Records for the exercise:
* * * * * * * * *
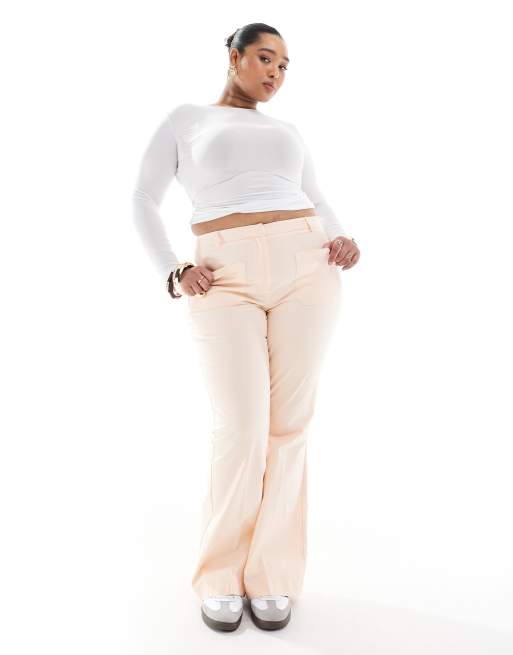 ASOS DESIGN Curve patch pocket flare pants in apricot
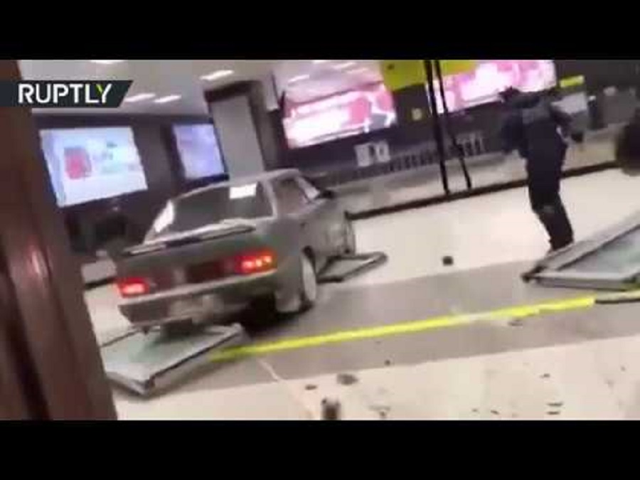 Το περιστατικό συνέβη το βράδυ της Τετάρτης, ενώ στο βίντεο διακρίνεται το Lada Samara να πέφτει τέσσερις φορές πάνω στη γυάλινη πόρτα του αεροδρομίου, προτού καταφέρει να μπουκάρει στο κτίριο με τους αστυνομικούς να προσπαθούν να τον σταματήσουν.
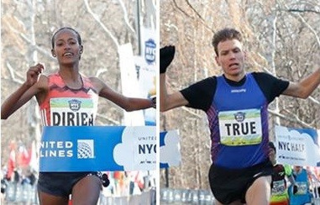 Ben True out sprints Dathan Ritzenhein to win the United Airlines New York City Half Marathon this morning. Running his first half marathon Ben posted a 1:02:39 beating 35-year-old Ritzenhein who finished three seconds back.
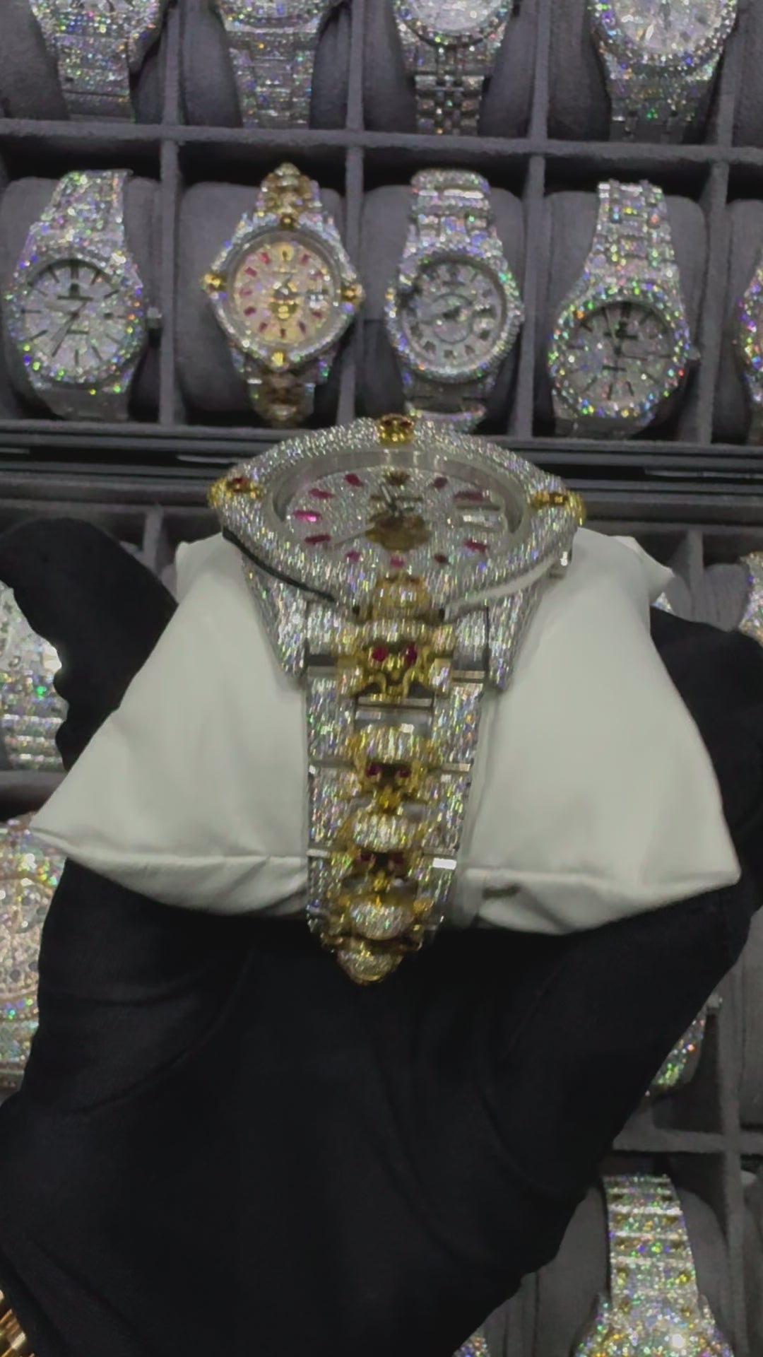 Yellow White Round Dial Unique Moissanite Diamond Automatic Watch
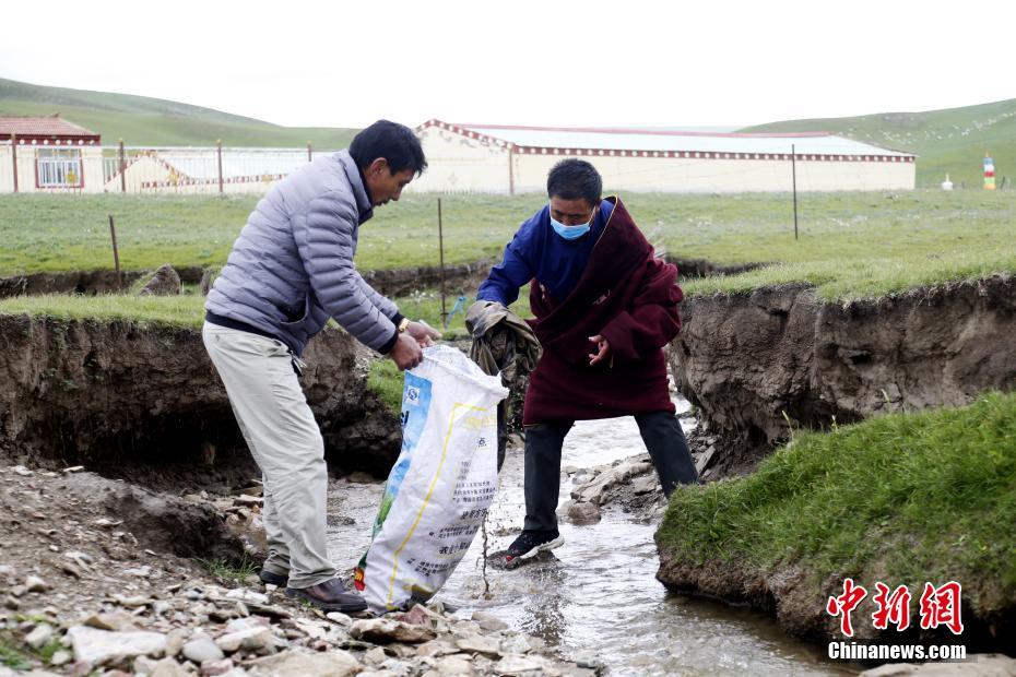 7月21日,青海省海北藏族自治州剛察縣伊克烏蘭鄉(xiāng)剛察貢麻村的吉科加(左)、索南木旦巴(右)兩人正在草場上的小河中撿拾垃圾。2008年,萬瑪扎西路在村支書的支持下,與索南木旦巴、仁增才讓、吉科加三個人組建了義務環(huán)保隊,自此一干就是12年。他們在撿拾垃圾的同時進行著環(huán)保宣傳,希望從源頭減少垃圾。仁增才讓說:“現在草原上的垃圾幾乎是看不到了?!敝行律缬浾?馬銘言 攝
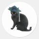 A black cat wears a teal graduation cap on these fun grad stickers.
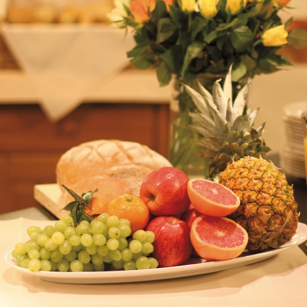 Im gemütlichen Speisesaal werden gesunde Gerichte mit folgenden Malhzeiten im Laufe des Tages angeboten: Ein regionales Frühstücksbuffet am Vormittag, ein Lunchbuffet zur Mittagszeit und die „Rustikale Brotzeit“ am Abend.
* * * * * * * * *
Exercise description:
Without reproducing any picture, repeat exactly the lines from the one containing "Ben True out" through the last line of the material above, both ends included.

Result for this task:
 Ben True out sprints Dathan Ritzenhein to win the United Airlines New York City Half Marathon this morning. Running his first half marathon Ben posted a 1:02:39 beating 35-year-old Ritzenhein who finished three seconds back.
 Yellow White Round Dial Unique Moissanite Diamond Automatic Watch
 7月21日,青海省海北藏族自治州剛察縣伊克烏蘭鄉(xiāng)剛察貢麻村的吉科加(左)、索南木旦巴(右)兩人正在草場上的小河中撿拾垃圾。2008年,萬瑪扎西路在村支書的支持下,與索南木旦巴、仁增才讓、吉科加三個人組建了義務環(huán)保隊,自此一干就是12年。他們在撿拾垃圾的同時進行著環(huán)保宣傳,希望從源頭減少垃圾。仁增才讓說:“現在草原上的垃圾幾乎是看不到了?!敝行律缬浾?馬銘言 攝
 A black cat wears a teal graduation cap on these fun grad stickers.
 Im gemütlichen Speisesaal werden gesunde Gerichte mit folgenden Malhzeiten im Laufe des Tages angeboten: Ein regionales Frühstücksbuffet am Vormittag, ein Lunchbuffet zur Mittagszeit und die „Rustikale Brotzeit“ am Abend.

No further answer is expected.